== Segment start ==
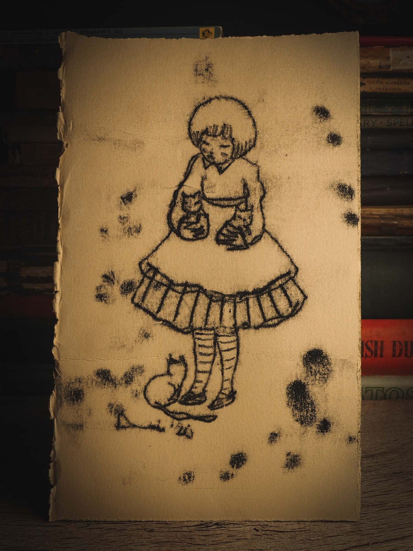 MORE KITTENS, an original ink monoprint on printmaking paper by Idania Salcido (Danita Art) measures 7 x 10 inches, ready to be mounted on your favorite frame!
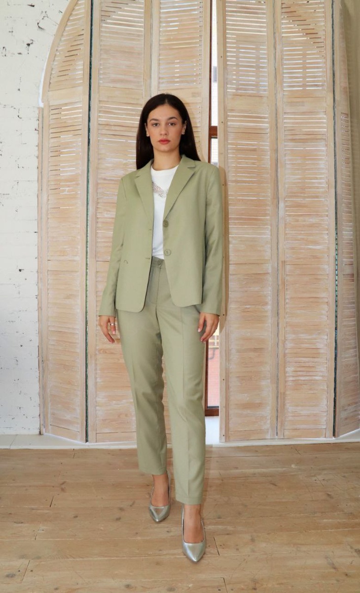 Оливковый стильный дизайнерский костюм. Незаменим круглый год.
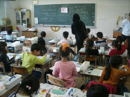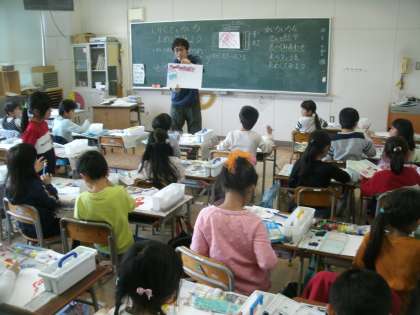 図画工作科の学習の様子です。水彩絵の具を使って学習しています。先生が子ども達の頑張っているところ・いいところを次々と見つけて、みんなに紹介しています。
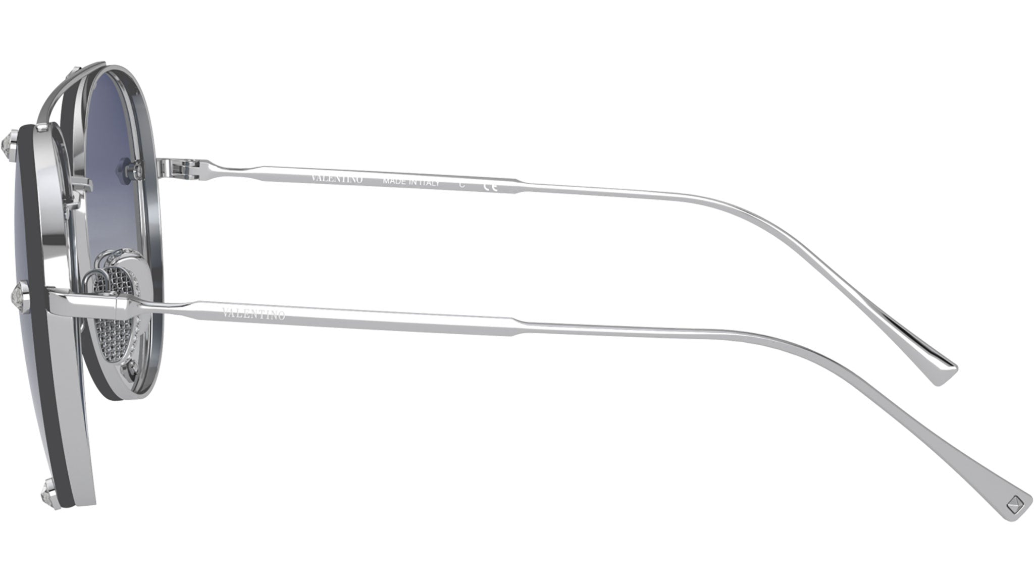 Occhiali da sole Valentino modello VA2045 variante colore 30064L argento, con lenti color blu sfumato. Fondata a Roma nel 1960, la Maison Valentino è una delle espressioni più alte del savoir faire couture e dell’eccellenza che hanno reso il made in Italy famoso nel mondo. Le collezioni Valentino eyewear esprimono l’eleganza senza tempo della Maison in un perfetto equilibrio tra tradizione ed innovazione nel pieno rispetto degli iconici valori del brand.
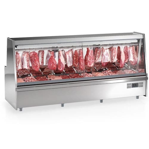 Balcão Frigorifico Turino Com Depósito Gats300d Gelopar Expositor De Carnes Inox 220v Balcão Frigorífico conservador e expositor de carnes Turino com depósito GATS300D Gelopar. Conservação e exposição de carnes não congeladas. Ideal para supermercado, açougues e . Temperatura: 0 a +7C. Refrigeração estática com evaporador aletado na parte superior e serpentina de cobre embutida na base. Degelo manual. Tendal: Duplo em alumínio com ganchos. Bandejas em AI 430 acompanham o produto. Permite montagem com prateleira aramada (2 níveis), tendal ou ambos. Iluminação: LEDs (interna), com interruptor. Grades na base. Vidro frontal temperado, baixo emissivo. Revestimento Externo: Laterais em aço injetado, parte externa em inox AI, parte interna aço inox espelhado. Revestimento interno em aço Inox 430. Vidros sujeitos a condensação da umidade do ar. Capacidade tendal: 50kg/metro por tendal. Capacidade base/ depósito: 50kg/metro. Capacidade das prateleiras (opcionais): 15kg/metro por prateleira. ATENÇÃO: Prateleiras não acompanham o produto. QUANTIDADE DE BANDEJAS: 11 em aço inox. DIMENSÕES BANDEJAS: 62,9x24x29cm. CAPACIDADE: 1546 Litros. TEMPERATURA: 0 a +7C. CONSUMO: 15,90 kWh/dia. PESO: 246 kg. DIMENSÕES EXTERNAS (CxAxL): 300x146,2x96,5cm. Equipamento certificado conforme Portaria Inmetro n 371/2009. Balcão Frigorífico conservador e expositor de carnes Turino com depósito GATS300D Gelopar é na Atau. Tamanho - 3,00 M Marca - Gelopar Modelo - GATS300D Capacidade - 1546 Litros Frente - 300cm Altura - 146,2cm Temperatura - 0 a +7C Peso - 246kg Profundidade - 96,5cm Consumo - 15,90 kWh/dia
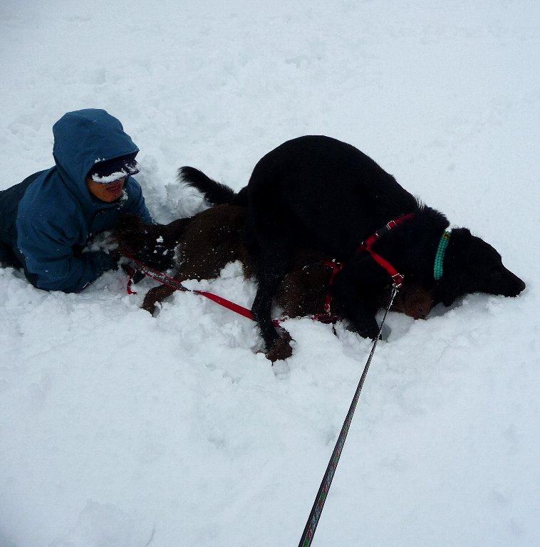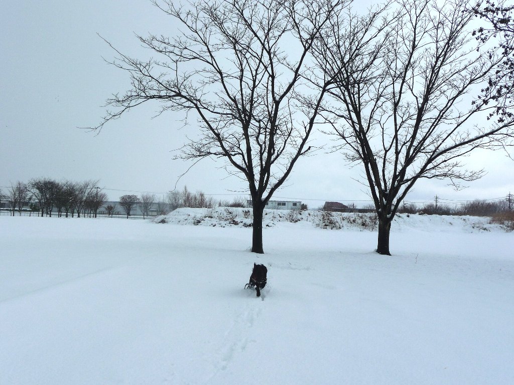 後ろを歩いてた凜パパと凜、chababaが前をずんずん歩いていくもんだから凜が引張り気味だったところに野っぱらではグンと積雪量が増え歩きにくかったんでしょうね(^^;)凜パパリードを放しちゃった・・・多分カヤを引いてたらカヤが横すり抜けてったんだろうなぁ~。
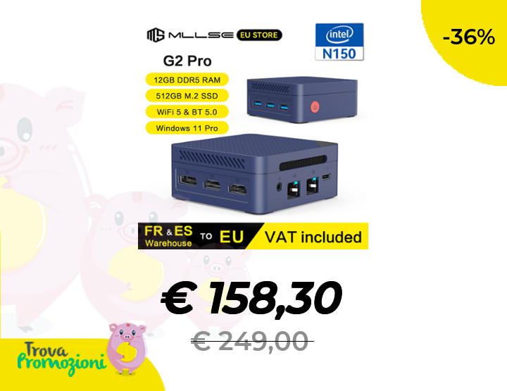 ๐๐ผ Processore MLLSE G2 Pro Mini PC Intel Twin Lake N150 LPDDR5 12 GB di RAM, 512GB SSD, Wi-Fi 5, BT5.0, Windows 11
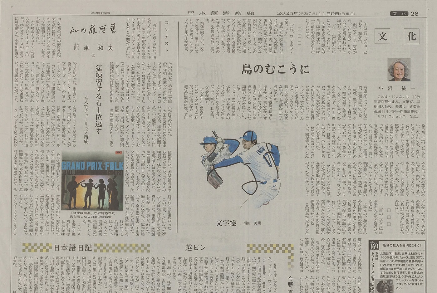 大谷翔平選手は、2025年11月に3年連続のMVPを受賞し、50本塁打&50奪三振という二刀流復活を象徴とするW記録も達成。この挿絵掲載の11月9日の時点でMVP受賞はほぼ確実と予想され、結果待ちの状態だったので、大谷の姿に「うつ」「なげる」の隠し文字を入れ、江戸時代から伝わる文字絵とした。北斎も文字と絵を融合させたユーモアあふれる遊び絵を制作していて、北斎にとって文字は形そのものが絵の骨格となる素材であり、文字を幾何学的パーツの集合体と捉えて読むものから見るものへと昇華させた点に新しさがあるように思う。技術的高さとユーモアが両立した江戸時代の粋を感じさせる魅力に、大谷への期待を重ねた。(福田美蘭)
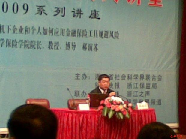 讲座的主题是“当前金融危机下企业和个人如何利用金融保险工具规避风险”,主讲人是国内著名保险专家、中央财经大学保险公司经理郝演苏教授。
== Segment end ==
→ **WHAT TO DO**: From the first line to the last, output the data exactly; skip any pictures.

→ **WRITTEN REPLY**:
 MORE KITTENS, an original ink monoprint on printmaking paper by Idania Salcido (Danita Art) measures 7 x 10 inches, ready to be mounted on your favorite frame!
 Оливковый стильный дизайнерский костюм. Незаменим круглый год.
 図画工作科の学習の様子です。水彩絵の具を使って学習しています。先生が子ども達の頑張っているところ・いいところを次々と見つけて、みんなに紹介しています。
 Occhiali da sole Valentino modello VA2045 variante colore 30064L argento, con lenti color blu sfumato. Fondata a Roma nel 1960, la Maison Valentino è una delle espressioni più alte del savoir faire couture e dell’eccellenza che hanno reso il made in Italy famoso nel mondo. Le collezioni Valentino eyewear esprimono l’eleganza senza tempo della Maison in un perfetto equilibrio tra tradizione ed innovazione nel pieno rispetto degli iconici valori del brand.
 Balcão Frigorifico Turino Com Depósito Gats300d Gelopar Expositor De Carnes Inox 220v Balcão Frigorífico conservador e expositor de carnes Turino com depósito GATS300D Gelopar. Conservação e exposição de carnes não congeladas. Ideal para supermercado, açougues e . Temperatura: 0 a +7C. Refrigeração estática com evaporador aletado na parte superior e serpentina de cobre embutida na base. Degelo manual. Tendal: Duplo em alumínio com ganchos. Bandejas em AI 430 acompanham o produto. Permite montagem com prateleira aramada (2 níveis), tendal ou ambos. Iluminação: LEDs (interna), com interruptor. Grades na base. Vidro frontal temperado, baixo emissivo. Revestimento Externo: Laterais em aço injetado, parte externa em inox AI, parte interna aço inox espelhado. Revestimento interno em aço Inox 430. Vidros sujeitos a condensação da umidade do ar. Capacidade tendal: 50kg/metro por tendal. Capacidade base/ depósito: 50kg/metro. Capacidade das prateleiras (opcionais): 15kg/metro por prateleira. ATENÇÃO: Prateleiras não acompanham o produto. QUANTIDADE DE BANDEJAS: 11 em aço inox. DIMENSÕES BANDEJAS: 62,9x24x29cm. CAPACIDADE: 1546 Litros. TEMPERATURA: 0 a +7C. CONSUMO: 15,90 kWh/dia. PESO: 246 kg. DIMENSÕES EXTERNAS (CxAxL): 300x146,2x96,5cm. Equipamento certificado conforme Portaria Inmetro n 371/2009. Balcão Frigorífico conservador e expositor de carnes Turino com depósito GATS300D Gelopar é na Atau. Tamanho - 3,00 M Marca - Gelopar Modelo - GATS300D Capacidade - 1546 Litros Frente - 300cm Altura - 146,2cm Temperatura - 0 a +7C Peso - 246kg Profundidade - 96,5cm Consumo - 15,90 kWh/dia
 後ろを歩いてた凜パパと凜、chababaが前をずんずん歩いていくもんだから凜が引張り気味だったところに野っぱらではグンと積雪量が増え歩きにくかったんでしょうね(^^;)凜パパリードを放しちゃった・・・多分カヤを引いてたらカヤが横すり抜けてったんだろうなぁ~。
 ๐๐ผ Processore MLLSE G2 Pro Mini PC Intel Twin Lake N150 LPDDR5 12 GB di RAM, 512GB SSD, Wi-Fi 5, BT5.0, Windows 11
 大谷翔平選手は、2025年11月に3年連続のMVPを受賞し、50本塁打&50奪三振という二刀流復活を象徴とするW記録も達成。この挿絵掲載の11月9日の時点でMVP受賞はほぼ確実と予想され、結果待ちの状態だったので、大谷の姿に「うつ」「なげる」の隠し文字を入れ、江戸時代から伝わる文字絵とした。北斎も文字と絵を融合させたユーモアあふれる遊び絵を制作していて、北斎にとって文字は形そのものが絵の骨格となる素材であり、文字を幾何学的パーツの集合体と捉えて読むものから見るものへと昇華させた点に新しさがあるように思う。技術的高さとユーモアが両立した江戸時代の粋を感じさせる魅力に、大谷への期待を重ねた。(福田美蘭)
 讲座的主题是“当前金融危机下企业和个人如何利用金融保险工具规避风险”,主讲人是国内著名保险专家、中央财经大学保险公司经理郝演苏教授。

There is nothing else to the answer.